Probation Before Judgment – PBJ for short – is a unique Maryland disposition which allows the  judge to withhold formal entry of a conviction at the time of sentencing.

Instead, a defendant is placed on probation for a period, with whatever conditions the judge sets. If the client is successful in completing the probation, the conviction is never entered, and the client is discharged.

Maryland law states that a discharge under PBJ “is not a conviction.” (Because PBJ is not a conviction, you have no right to appeal a PBJ disposition.)

PBJ turns the traditional conviction followed by probation model on its head. Traditionally, a person is convicted, then placed on probation. With PBJ, the probation comes first. If probation is successful, the conviction is never entered.

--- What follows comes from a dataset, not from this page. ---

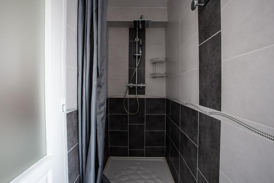 Canapé convertible pour 2 personnes. 1 chambre équipée d'un lit en 160. Salle de bains avec douche.

However, under some circumstances, PBJ’s may be treated as convictions under federal law, for immigration purposes, for commercial driving and pilot licenses, and by employers.

It is important that these collateral consequences be weighed carefully in determining whether PBJ confers a benefit on any particular client.

Following a successful completion of the terms of a PBJ, it is possible to have your arrest and court records expunged.

However, expungement is not available in DUI cases, even if the judge gives a PBJ. In DUI cases, in order to be eligible for expungement, you need to either win your case at trial, have it dismissed by the judge or prosecutor, or have it placed on the STET docket.